J’ai grandi dans une cathédrale au nom d’Isère. Je chante en elle.

Elle a lu des livres puis elle les a oubliés. Elle a regardé des photographies puis elle les a rangées. Elle a marché souvent, longtemps, au noir des forêts, au vert des lacs, au blanc des montagnes. Puis elle a effacé ses pas.

Elle a appelé son enfance. Elle a appelé cette petite enfance qui accourt toujours quand on l’appelle, elle a regardé son enfance à elle dans les rues de ces villes, sous la voûte de ces forêts. Puis elle a laissé son enfance s’éloigner, éteindre en s’éloignant toutes les images allumées, une à une. Elle était dans le noir quand elle a commencé à écrire. On ne peut bien écrire que dans le noir. Plus de livres, plus de promenades, plus de mémoire. Plus rien que la clarté d’une première phrase, la petite enfance d’une première phrase, la forêt d’une première phrase.

Qu’est-ce que tu fais? Tu écris un livre sur ta région, tu parles de l’Isère? Non, je n’écris pas un livre sur ma région. Je fais un nid pour la beauté, pour le silence blanc et la neige bleue. Je bâtis une maison grande comme un livre pour les vagabonds, les sédentaires, les paysans, les citadins.

Je m’appelle Sylvie Fabre G. et j’écris pour le premier venu. J’ai grandi dans une cathédrale au nom d’Isère. Je chante en elle. Je lance contre ses murs quelques phrases d’amour fou. Mon amour, au départ, est fait de mille ruisseaux, mille étincelles au ras de l’herbe. Mon amour, à l’arrivée, est fait d’un seul flocon de neige.

On ne comprend pas ce que tu dis, parle plus clairement.

Eh bien, si vous voulez, dans le premier chapitre la terre d’Isère est là, ruisselante, mille fois saluée -une fois pour chaque cours d’eau. Une prière ou un sourire pour chacun -mais c’est une même chose que de prier ou de sourire, cela vient d’une même grâce. Et dans le dernier chapitre, c’est le ciel d’Isère qui arrive, il descend sur la Chartreuse, il est là comme chez lui.

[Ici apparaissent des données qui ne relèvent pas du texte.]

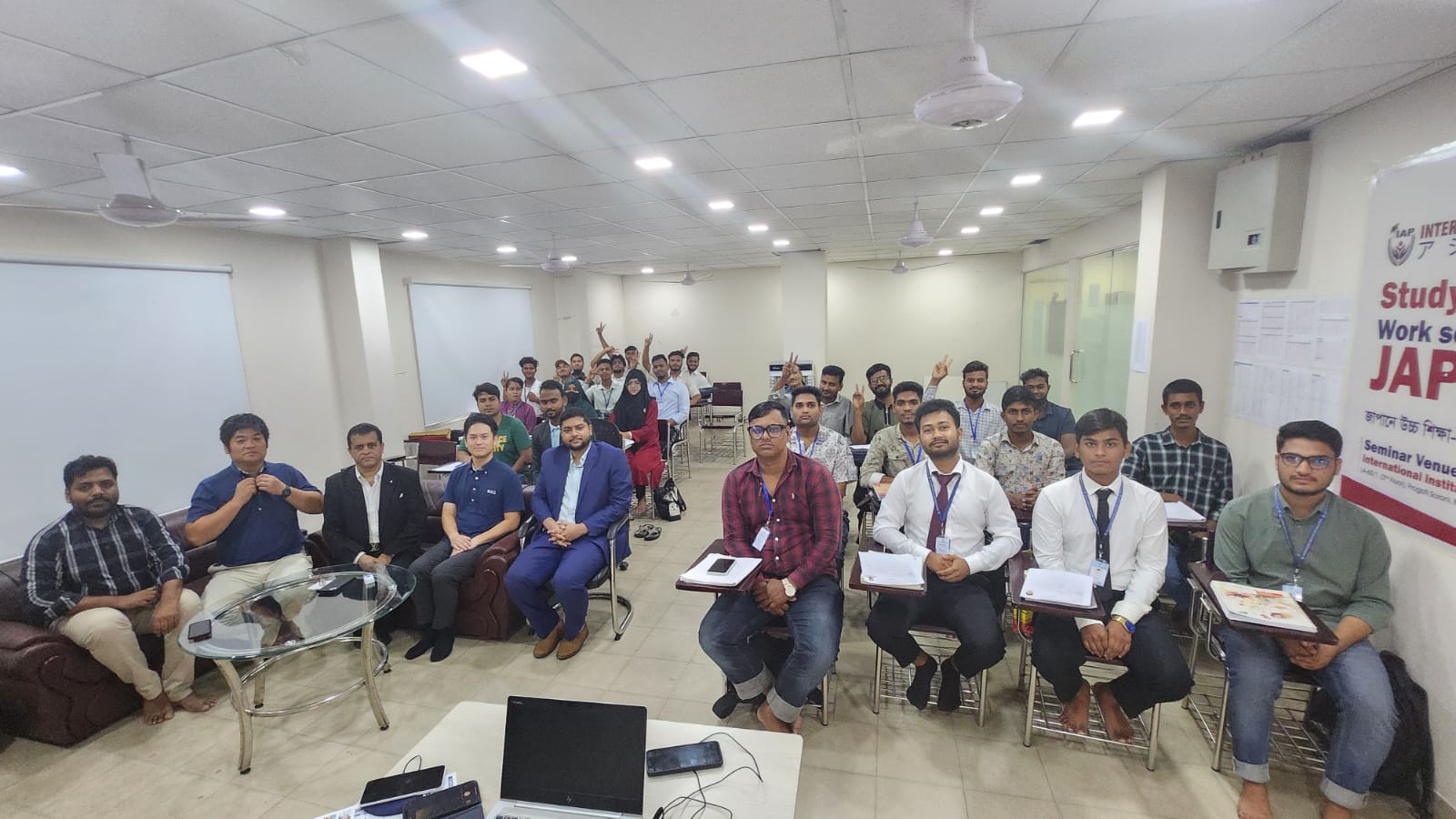 The “International Institute for Asian Peace” and “KM International” jointly conducted interviews yesterday for positions in Hotel Management and Tourism. The owner came directly from Japan to conduct the interviews and select candidates. Our honorable Chairman was also present at the event.
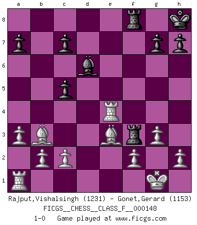 Last move : 1-0 2014 May 17 16:22:14 [Event "FICGS__CHESS__CLASS_F__000148"] [Site "FICGS"] [Date "2014.05.14"] [Round "1"] [White "Rajput,Vishalsingh"] [Black "Gonet,Gerard"] [Result "1-0"] [WhiteElo "1231"] [BlackElo "1153"] 1.e4 e5 2.Nf3 f5 3.exf5 e4 4.Ng1 d5 5.a3 Bxf5 6.d3 Nf6 7.Nc3 Bd6 8.Nge2 O-O 9.Nd4 Bd7 10.dxe4 Nxe4 11.Nxe4 dxe4 12.Bc4+ Kh8 13.O-O Nc6 14.Bd5 Qh4 15.g3 Qe7 16.Nxc6 bxc6 17.Bb3 Bh3 18.Re1 Qf6 19.Be3 Qf3 20.Qxf3 Rxf3 21.Bd4 Raf8 22.Rxe4 c5 23.Be3 Bf5 24.Ra4 Be4 25.Rxe4 1-0 Latvian counter-gambit Kingside Castling by player Black (move 8) Kingside Castling by player White (move 13) Player White won this chess game. Follow this game move after move (download)White lost because he failed to remember the right continuation and had to think up the moves himself. (Siegbert Tarrasch) Wenn du nicht weißt was du tun sollst, warte bis dein Gegner eine Idee hat. Sie wird sicher schlecht sein. (Siegbert Tarrasch) El Ajedrez es parte de una cultura y si una cultura esta en decadencia, entonces también el Ajedrez declinará. (Mikhail Botvinnik) Aux échecs, l'amour-propre est satisfait quand on remporte la victoire, mais il n'y a pas de honte à être battu. (Benjamin Franklin) All the troubles of the world come from being unable to sit alone in a quiet room. (Blaise Pascal)

Alors, c’est bien ce qu’on disait, c’est bien un livre sur une région, sur ta région, que tu écris?

Non. C’est encore plus simple. Voici: j’ai posé une page blanche sur une table. La page blanche donne une lumière suffisante dans le noir. La page blanche est comme une nappe, comme la mémoire toujours souffrante du pain, comme la neige sur les tas de bois qui servent aux moines de la Chartreuse pour réchauffer leurs corps. La page blanche est sur une table comme les feuilles des arbres sur la peau du lac de Saint-Sixte, en automne. J’ai regardé la page blanche et j’ai appelé une par une toutes les choses aimées d’amour, sur cette terre-là. Fontaines, chairs, pierres, âmes. Toutes sont venues, chacune avec les mots qu’il lui fallait.

Le Col de La Ruchère

Le pays que nous habitons est aussi pauvre qu’une chanson. Il est fait de la même matière: quelques accords du ciel avec la terre, la rengaine des saisons, la rime d’un toit avec un arbre. Pas plus. Rien de plus -et cela vous prend le cœur, cela vous déchire le cœur une fois pour toutes. J’ai écrit une chanson de quelques dizaines de pages. J’ai fait comme ce pays, Nord et Sud, fait de plusieurs pays: dans ma chanson, il y a des berceuses, des valses, des rondes enfantines.

Et si, à la lecture innocente, vous préférez l’aveuglement des savoirs, vous pourrez vérifier: tous les détails sont là, précis, exacts. Mais ce n’est pas important. Ce n’est pas sur ce genre de vérités que j’ai écrit, même si, quand il le fallait, je les ai mises, ces vérités. Le sujet du livre, ce n’est pas l’Isère, c’est l’amour. Il est vrai que les deux voisinent -cette terre et mon amour, ce ciel et mon étonnement. On n’a jamais écrit que sur l’amour. Vous connaissez un autre sujet?